**Try it:** The answer must be only the lines below from the one holding "2、將黑豆倒入不粘鍋中,小火不斷翻炒,直至黑豆表皮崩開;" down to the one holding "7.08in Premium Silicone", ends included, printed exactly; please omit all pictures.

**Entries supplied:**
***

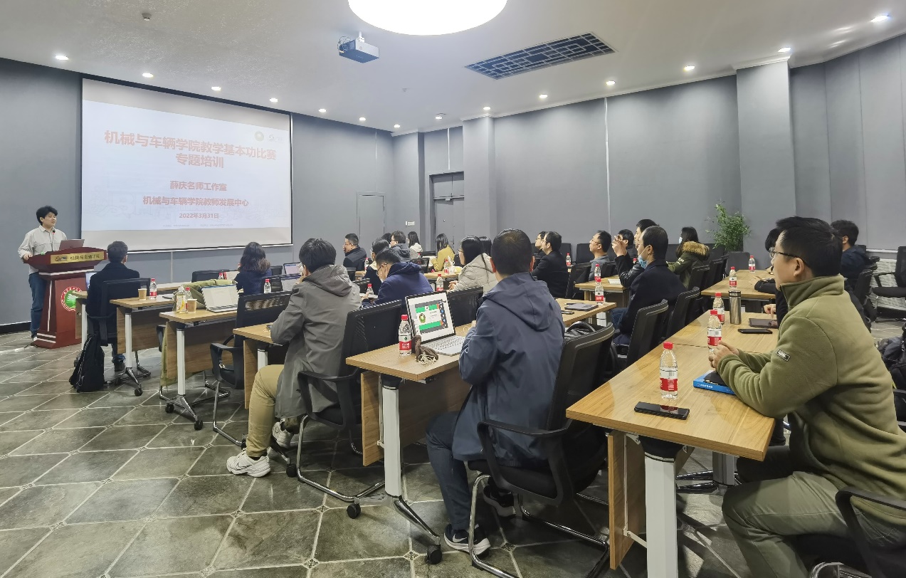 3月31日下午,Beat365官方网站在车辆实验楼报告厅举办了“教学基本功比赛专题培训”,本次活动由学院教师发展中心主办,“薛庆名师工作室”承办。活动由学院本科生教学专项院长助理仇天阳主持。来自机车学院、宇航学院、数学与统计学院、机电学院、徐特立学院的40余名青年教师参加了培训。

***

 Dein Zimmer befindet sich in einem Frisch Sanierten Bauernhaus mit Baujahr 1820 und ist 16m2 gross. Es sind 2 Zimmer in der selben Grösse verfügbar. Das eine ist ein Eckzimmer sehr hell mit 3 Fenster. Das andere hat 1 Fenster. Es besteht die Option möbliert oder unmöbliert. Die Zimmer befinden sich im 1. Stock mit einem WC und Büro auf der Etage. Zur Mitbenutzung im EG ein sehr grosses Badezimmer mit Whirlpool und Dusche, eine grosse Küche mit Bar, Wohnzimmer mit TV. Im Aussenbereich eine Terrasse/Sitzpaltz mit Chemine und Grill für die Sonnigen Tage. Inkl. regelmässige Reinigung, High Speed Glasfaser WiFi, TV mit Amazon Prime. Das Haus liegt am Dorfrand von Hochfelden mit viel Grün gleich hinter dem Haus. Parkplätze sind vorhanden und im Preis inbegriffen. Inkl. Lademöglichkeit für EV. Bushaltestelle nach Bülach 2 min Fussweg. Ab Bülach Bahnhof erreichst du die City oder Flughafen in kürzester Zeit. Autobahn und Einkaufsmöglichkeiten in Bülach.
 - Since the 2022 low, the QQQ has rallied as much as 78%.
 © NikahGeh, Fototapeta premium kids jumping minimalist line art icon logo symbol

***

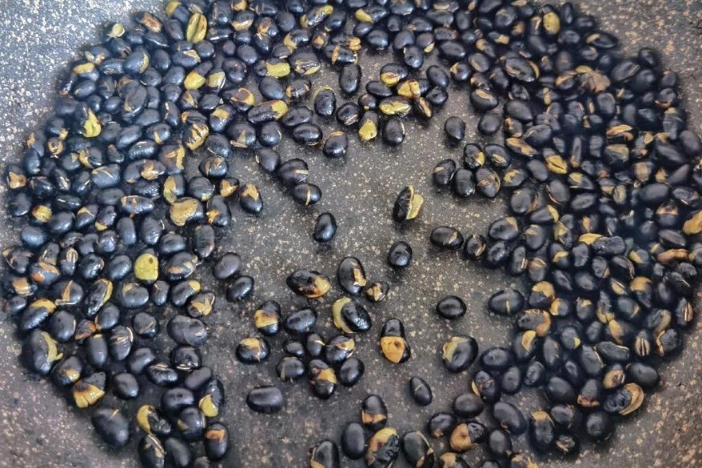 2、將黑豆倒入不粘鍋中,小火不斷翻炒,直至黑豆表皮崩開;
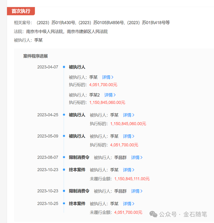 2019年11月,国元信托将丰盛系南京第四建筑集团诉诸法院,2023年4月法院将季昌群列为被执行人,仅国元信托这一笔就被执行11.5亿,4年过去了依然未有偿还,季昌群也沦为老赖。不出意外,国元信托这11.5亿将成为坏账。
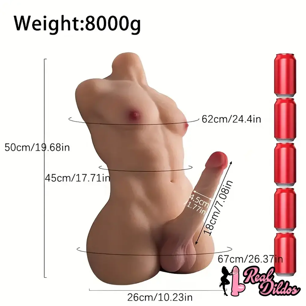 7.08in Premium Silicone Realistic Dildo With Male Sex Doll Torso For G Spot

***

**Finished exercise:**
 2、將黑豆倒入不粘鍋中,小火不斷翻炒,直至黑豆表皮崩開;
 2019年11月,国元信托将丰盛系南京第四建筑集团诉诸法院,2023年4月法院将季昌群列为被执行人,仅国元信托这一笔就被执行11.5亿,4年过去了依然未有偿还,季昌群也沦为老赖。不出意外,国元信托这11.5亿将成为坏账。
 7.08in Premium Silicone Realistic Dildo With Male Sex Doll Torso For G Spot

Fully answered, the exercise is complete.